Asian bishops talk back to Vatican
Meeting in Thailand in early January, 160 bishops of the Federation of Asian Bishops' Conferences (FABC) remained committed "to the emergence of the 'Asianness' of the church in Asia," and subjected a Vatican official to sharp questioning about Rome's perspectives on the region.
It was the seventh plenary assembly of FABC in 30 years, and the first since the 1998 Asian Bishops' Synod. At the Synod, and again in his post-synod document, Ecclesia in Asia, a year later, John Paul II insisted that Asian bishops must evangelize mainly by proclaiming Jesus as unique savior. But the bishop-delegates at FABC respectfully disagreed, still insisting that as tiny minority churches in overwhelmingly Buddhist, Hindu and Muslim nations, they should rather evangelize by the unspoken witness of love and humble service, and by dialogue with the other Asian religions.
According to Tom Fox, who covered the Thailand meeting for NCR, Cardinal Jozef Tomko, the Vatican representative, told the Asian bishops their main agenda should be the study of the Pope's Ecclesia in Asia. That never happened. In fact, among 23 workshops, no one requested one to study the papal document. When Tomko criticized the "weak Christology in Asia," several bishops asked him what he meant. Tomko said he meant portraying Jesus as simply a prophet, but not the Son of God. The bishops demanded to know if he had found such a Christology at FABC. He said he had not. One bishop asked, amid laughter, if Rome would recognize an Asian Christ if it saw one.

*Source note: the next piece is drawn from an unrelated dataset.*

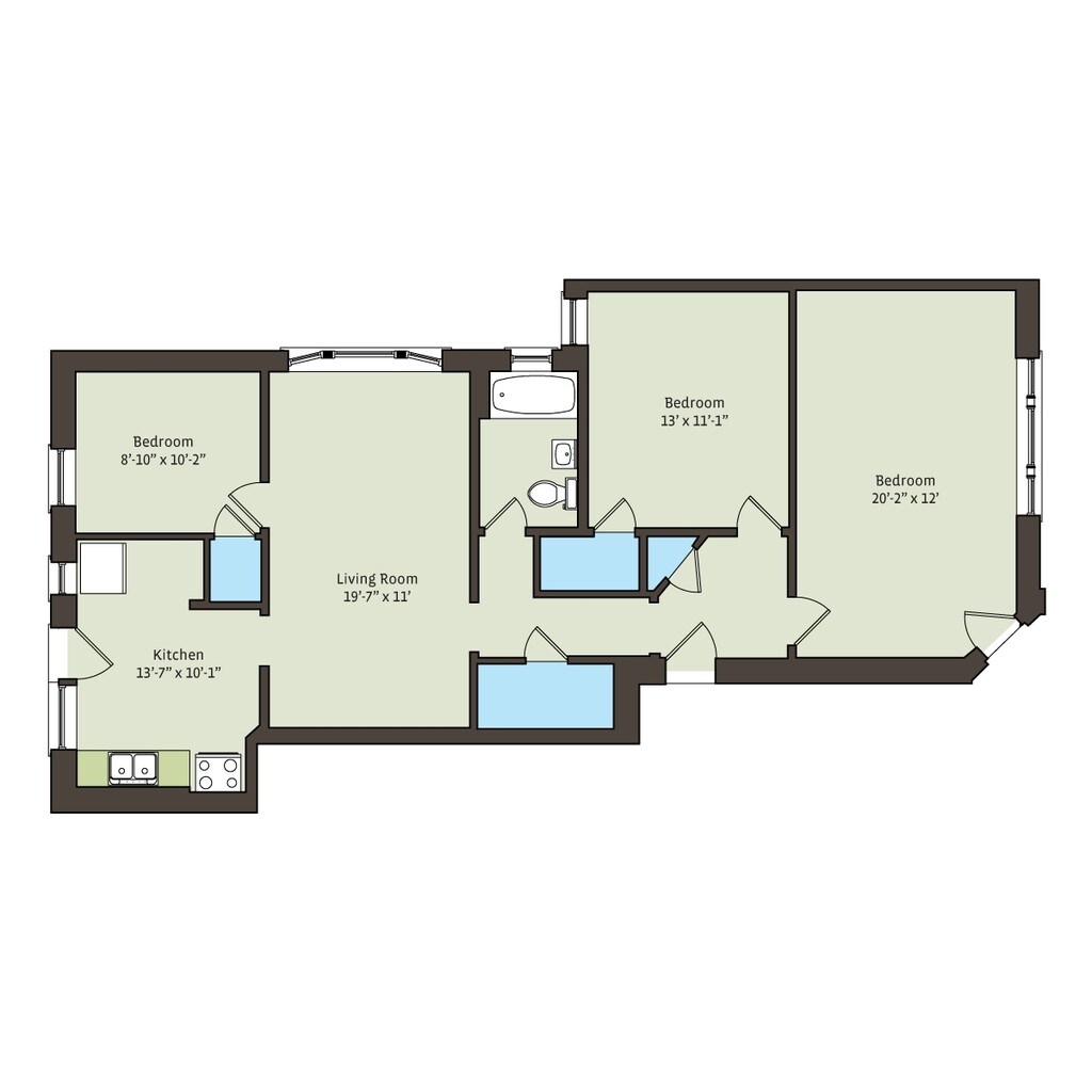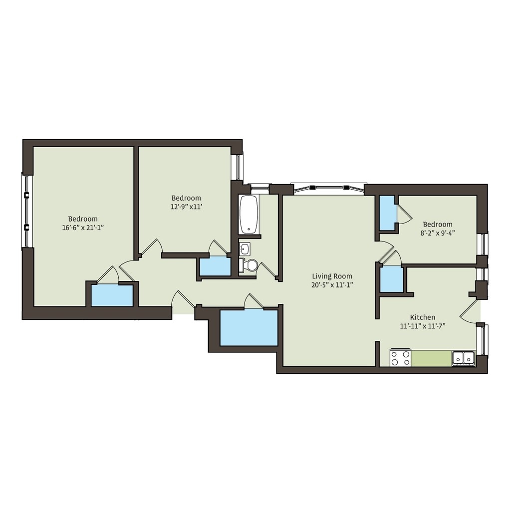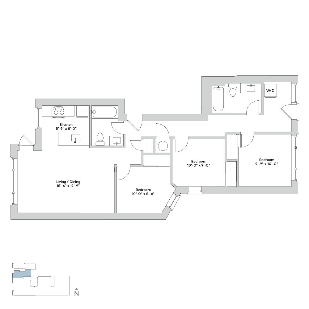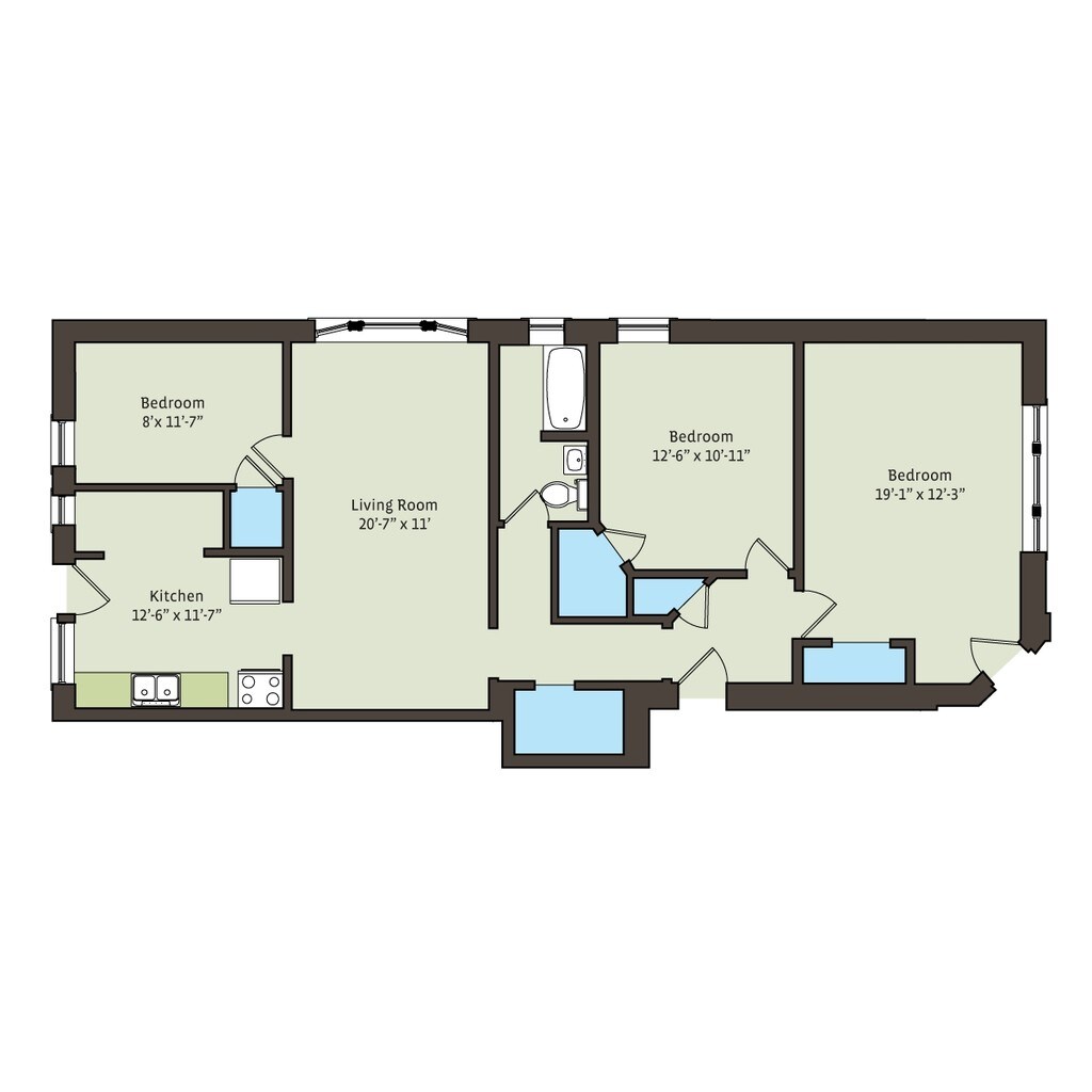 3 Beds, 1 Bath, 1069 sq ftLargest 3 BedroomThis is the largest 3 Bedroom at this PropertyModel Gallery

In a final draft statement that reflected their pastoral autonomy and experience, the Asian bishops dealt with economic globalization and poverty. They called for wider collaboration with the laity, more inclusive- ness toward women and youth, and more small faith communities. They repeated their trademark allegiance to the "triple dialogue" - with culture, with the other religions, and with the poor. They recommitted themselves to "a new way of being Church."